A perfect example here is “TroopTube.” The military set up a place to post our own videos—an ACU-cloned YouTube. The problem of course, is that they also decided that all submissions would be screened for appropriateness and content. You also can’t post anonymously. So…TroopTube is a huge failure. It has plenty of command messages, and a few videos worth watching, but the vast majority of it is simply the party line. No room for discourse, just top-down information flow.

An understanding of the space is necessary before any organization can effectively employ the tools of the space. Buying a new set of golf clubs doesn't make you Tiger Woods. The tools are just tools -- but the space is made up of people, all of whom have opinions you hope to sway. They've created the space, and they have rules for it. If you're not willing to play by the prevailing, and constantly changing, rules of the space, you're going to lose very quickly. The people who know the rules of the space best are the people who live in the space. In most long-established organizations, those people are the youngest people in the place. They're almost never in upper management. Seriously, apply the COIN manual to this. Information Operations is what dominates the COIN battlespace—why can’t we see that new media is the same thing; an information operations battlespace where our silence, or worse, our ineptitude, hurts us at home and abroad?

Another thought goes along this thread to illustrate the colossal undertaking that is adapting to new media. The Army’s CENTCOM Public Affairs office has a pretty decent website, a host of bloggers who receive their dispatches and good-news stories. Unfortunately, they don’t often tell the bad news stories, or respond to them. In a world where silence is consent, taking the “high road” of not responding is simply not a viable course of action.
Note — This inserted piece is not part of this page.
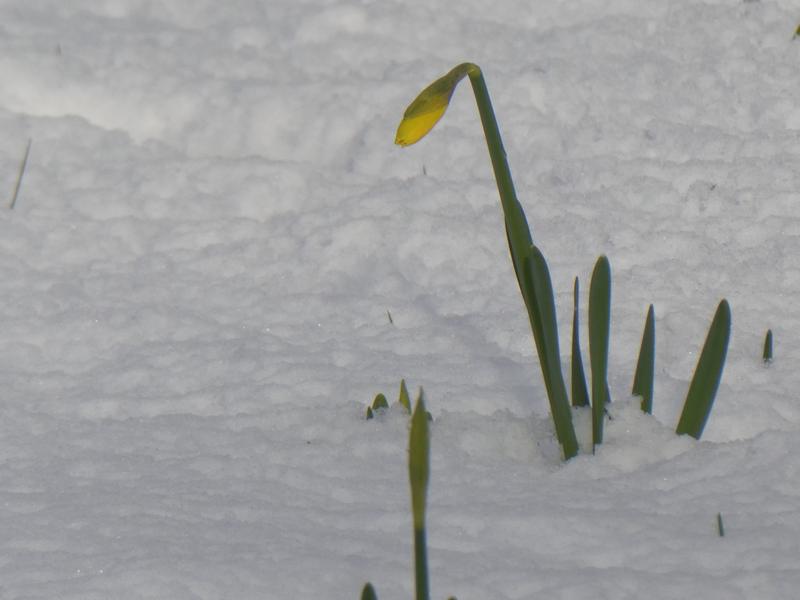 Zie ik nu bij Joke een narcis in de sneeuw? Dat komt waarschijnlijk omdat het eerst zo zacht was, het leek wel lente. Hopelijk overleeft die narcis de sneeuw. Wel heel apart hoor.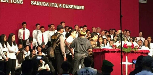 Seburuk-buruknya situasi yang berhak melakukan pemberhentian kegiatan keagamaan dengan alasan hukum yang dibenarkan hanyalah aparat negara bukan kelompok masyarakat sipil.

To illustrate the challenges we face, can you imagine the current senior staffer, who can call a multi-hundred page operations order a “five paragraph OPORDER” trying to cram a coherent idea into a 140-word tweet?

Social media favors nimble organizations that are not afraid to share opinions that brew from the bottom of the organization up. Which isn't the picture of a typical old-school policymaker, and certainly isn't the picture most people have of the Pentagon.

Adapted from this piece I found on Hugh Hewitt.